→ DATA EXCERPT:
================
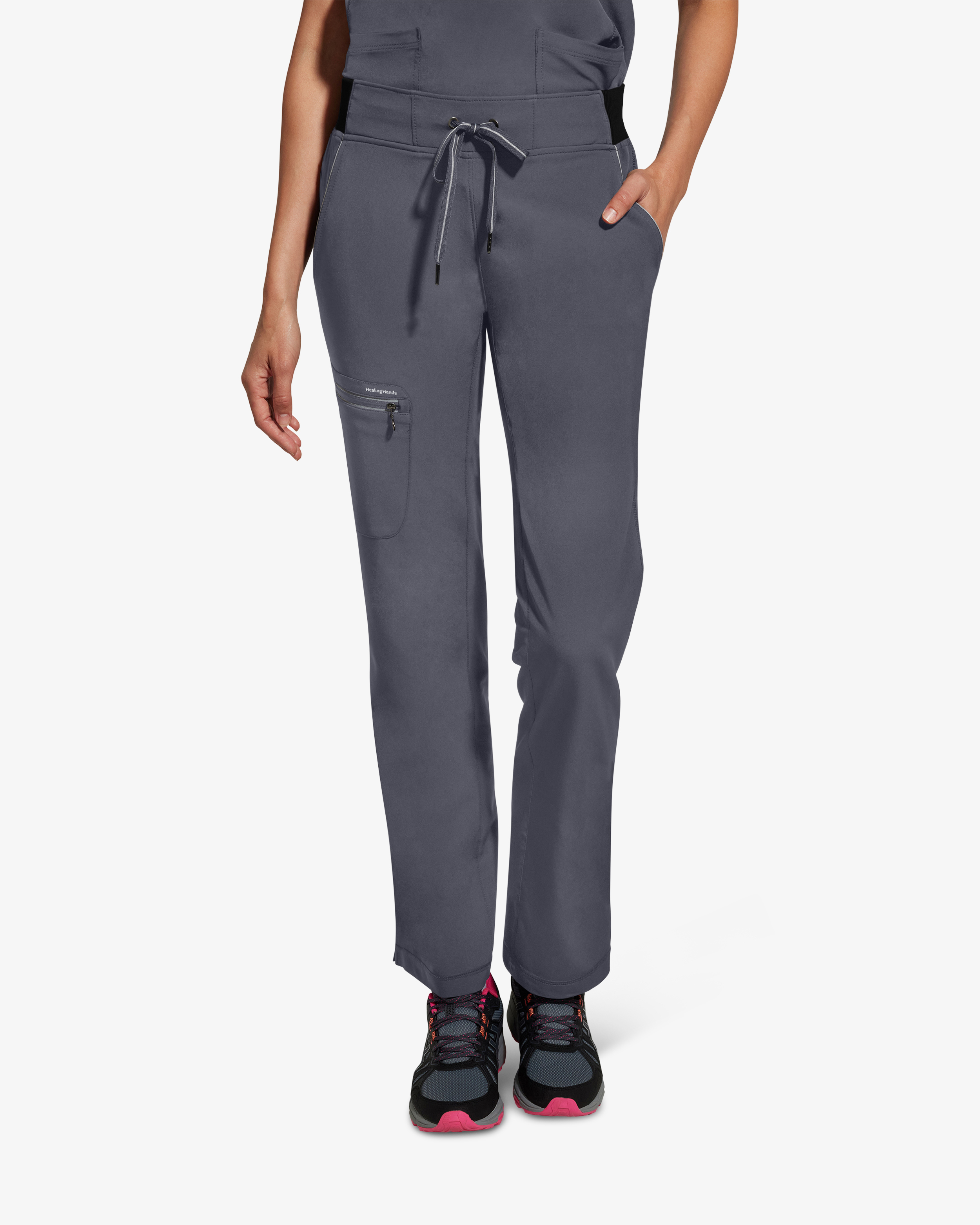 Diese Unisex-Arbeitshose hat eine mittelhohe Taille und einen gerippten Bund mit Kordelzug für optimalen Komfort und eine verstellbare Passform. Der Stretch-Stoff ermöglicht Bewegungsfreiheit bei langen Schichten, während mehrere praktische Taschen helfen, Arbeitsutensilien zu organisieren. Stilvolles und modernes Design wird mit Funktionalität kombiniert, um die Anforderungen der Gesundheitsbranche an Stil und Leistung zu erfüllen.
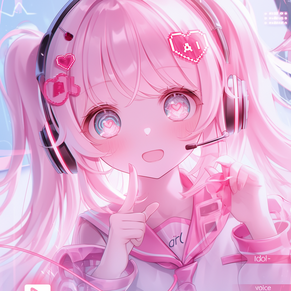 for a playful, romantic, slightly comedic atmosphere, Lyrics depict an AI voice-assistant idol falling in love with the listener’s voice, through metaphors of blinking REC lights, waveforms/latency-zero hugs, and infinite loops, Female seiyuu-style vocalist with cute, expressive tone —
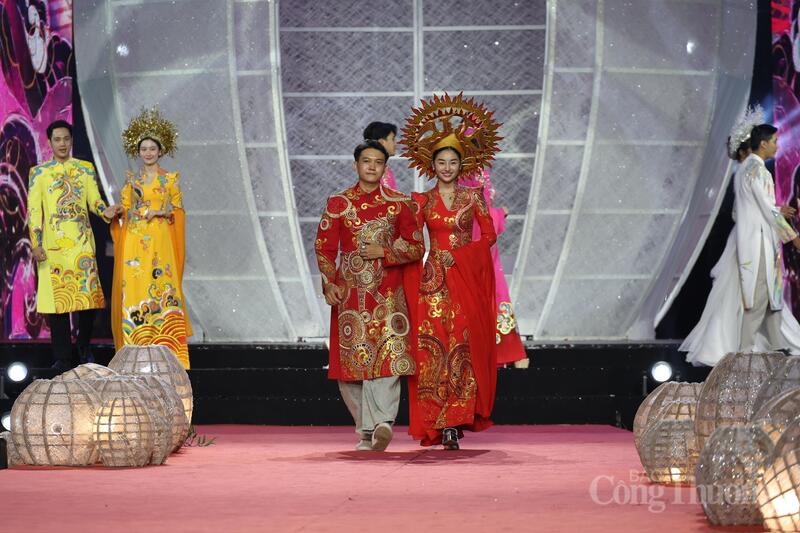 Cặp đôi người mẫu trong trang phục áo dài đỏ rực rỡ với họa tiết truyền thống làm nổi bật chủ đề “Sợi tơ vàng son - dệt nên khát vọng”.
================
→ TASK GOAL: Where pictures appear, skip them and transcribe all other material word for word.

→ RESPONSE:
 Diese Unisex-Arbeitshose hat eine mittelhohe Taille und einen gerippten Bund mit Kordelzug für optimalen Komfort und eine verstellbare Passform. Der Stretch-Stoff ermöglicht Bewegungsfreiheit bei langen Schichten, während mehrere praktische Taschen helfen, Arbeitsutensilien zu organisieren. Stilvolles und modernes Design wird mit Funktionalität kombiniert, um die Anforderungen der Gesundheitsbranche an Stil und Leistung zu erfüllen.
 for a playful, romantic, slightly comedic atmosphere, Lyrics depict an AI voice-assistant idol falling in love with the listener’s voice, through metaphors of blinking REC lights, waveforms/latency-zero hugs, and infinite loops, Female seiyuu-style vocalist with cute, expressive tone —
 Cặp đôi người mẫu trong trang phục áo dài đỏ rực rỡ với họa tiết truyền thống làm nổi bật chủ đề “Sợi tơ vàng son - dệt nên khát vọng”.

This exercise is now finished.